Thousands of telegrams from all over the Soviet Union urged the judge to show no mercy for Pavlik's killers. The Soviet government declared Pavlik Morozov a glorious martyr who had been murdered by reactionaries. Statues of him were built, and numerous schools and youth groups were named in his honour. An opera and numerous songs were written about him. Gerasimovka's school, which Morozov attended, became a shrine and children from all over the Soviet Union went on school excursions to visit it.

During the investigation of Trofim Morozov's case, his wife, Tatiana Morozova, stated that Trofim used to beat her and also brought home valuables received as payment for selling forged documents. According to this testimony, Pavel, who was only 13 at that time, merely confirmed evidence given by his mother.

Later research and controversy[edit]

Evidence has emerged since the dissolution of the Soviet Union of the fabrication of the Pavlik Morozov legend.

In the mid-1980s, Yuri Druzhnikov, a dissident writer expelled from the Soviet Writers' Union, performed an investigation, met with surviving eyewitnesses, and wrote a documentary exposé about Pavlik. Originally circulated through the samizdat, it was published in Russian in the United Kingdom in 1988 and soon thereafter translated into several languages. The first English translation appeared in 1996 under the title "Informer 001: The Myth of Pavlik Morozov."

In his book, Druzhnikov disputes every aspect of the Soviet propaganda version of Pavlik's life.
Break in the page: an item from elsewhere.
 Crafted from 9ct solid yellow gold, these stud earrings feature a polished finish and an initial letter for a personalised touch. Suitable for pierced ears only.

For example, different sources in Soviet literature list different ages for Pavlik at death, and show photographs of different boys. Pavlik was not a Pioneer when he was killed. According to the Soviet version, Pavlik's grandfather was responsible for his murder; according to Druzhnikov, the grandfather was heartbroken about the death of Pavlik, organized the search when the boy went missing, and maintained his innocence during the trial. While not saying it outright, Druzhnikov hints that Pavlik was killed by a GPU officer, whom Druzhnikov met while doing his research.

Pavlik Morozov (second row, in the middle) on the only surviving photograph of him.
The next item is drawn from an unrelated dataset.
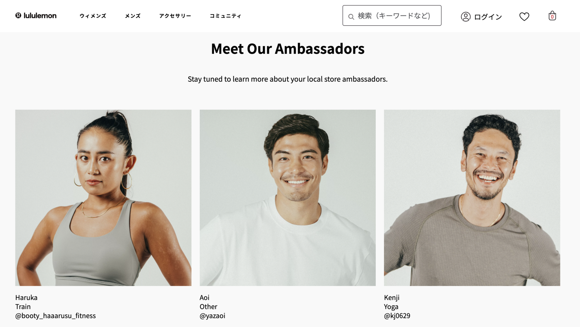 ストア内にアンバサダーページを設ける場合もあります。LululemonやThe North Faceでもアンバサダーを紹介するページを運用しています。

In her 2005 book, Comrade Pavlik: The Rise and Fall of a Soviet Boy Hero, Catriona Kelly agrees with Druzhnikov that the official version of the account is almost wholly fictional, the evidence sketchy and based mostly on second-hand reports by alleged witnesses, and that Pavlik did not inform on his parents but was murdered after a mundane squabble. Kelly also shows how the official version's emphasis shifted to suit the changing times and propaganda lines: in some accounts, Pavlik's father's crime was not forging the documents, but hoarding grain; in others, he was denounced not to the secret police, but to the schoolteacher. In some accounts, the method of Pavlik's death was decapitation by saw. The one surviving photograph of him shows a malnourished child, who bears almost no resemblance to the statues and pictures in children's books. It has also been said that he was nearly illiterate and was coerced to inform on his father by his mother, after Pavlik's father deserted the family.
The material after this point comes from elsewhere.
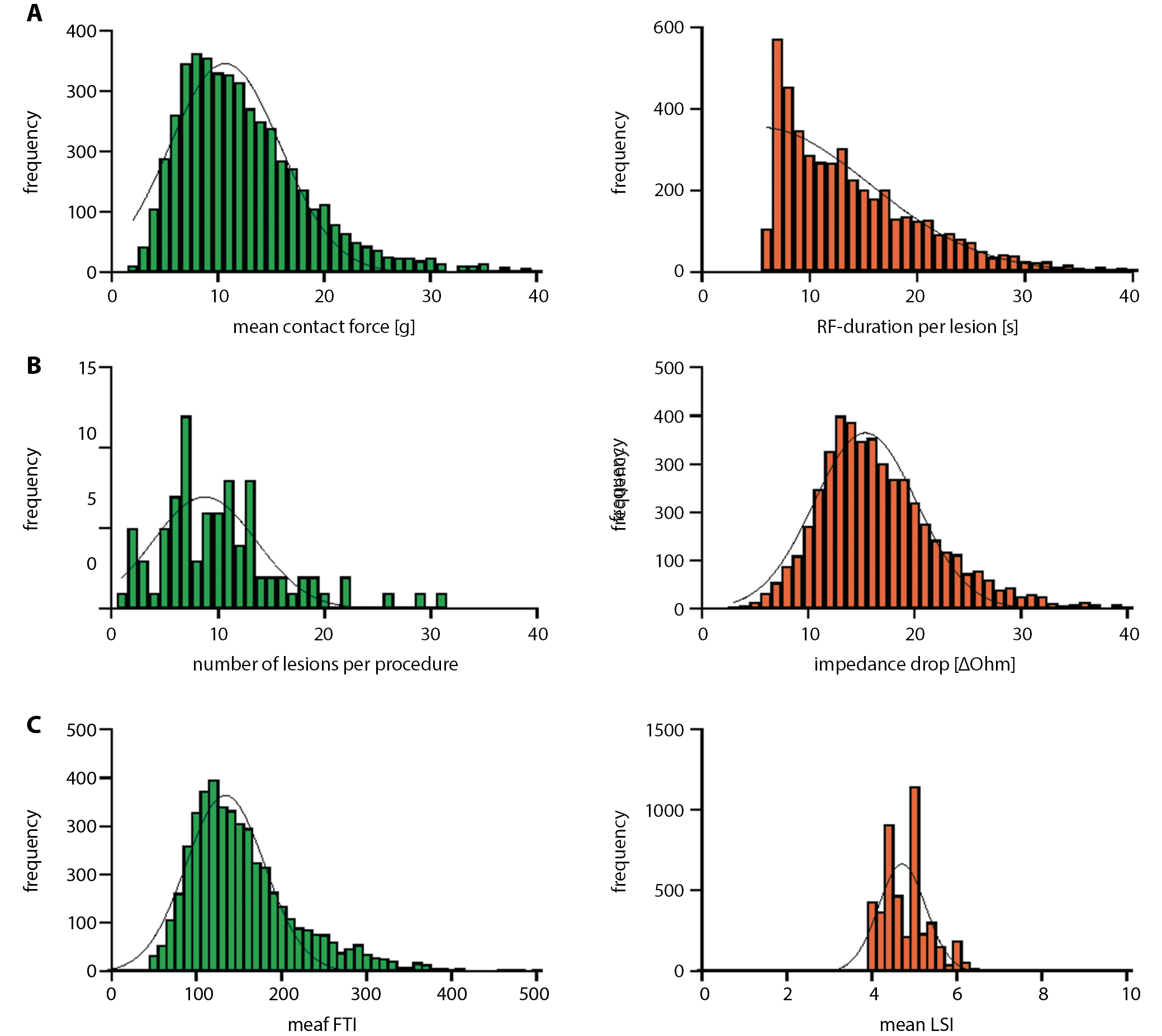 For each patient, we recorded the pre-ablation clinical characteristics. For each ablation pulse, we obtained duration of RF application, impedance, power, CF, force time integral (FTI), and LSI. All ablation parameters were analyzed and grouped according to the different atrial regions: left/right upper and lower PV and anterior/posterior LA wall. Furthermore, the rate of acute pulmonary vein isolation (PVI), total RF ablation time, fluoroscopy time, and procedure time (skin-to-skin) were documented. The occurrence of steam pops was noted by the operators. Transthoracic echocardiography was performed after the procedure on the same day to exclude pericardial effusion.

Kelly, who had access to the official archives of the case, states that Druzhnikov's theory that Pavlik was killed by the GPU is unlikely. Druzhnikov accused Kelly of extensive plagiarism from his book, and also of "dependence on those who have given her access to archives", i.e. from employees of the FSB - successors of the GPU.[2] Kelly published an extensive reply in Russian in the journal Voprosy literatury.[3]

According to the most recent research, Gerasimovka was described in the Soviet press as a "kulak nest" because all its villagers refused to join the kolkhoz, a state-controlled collective farm during the collectivization. Pavlik informed on neighbours when they did something wrong, including his own father who left the family for another woman.[1] Pavlik was not a Pioneer, although he wanted to be one. Kelly believes there is no evidence that the family was involved in the murder of the boy, and that it was probably a work of other teenagers with whom Pavlik had a squabble over a gun.[1]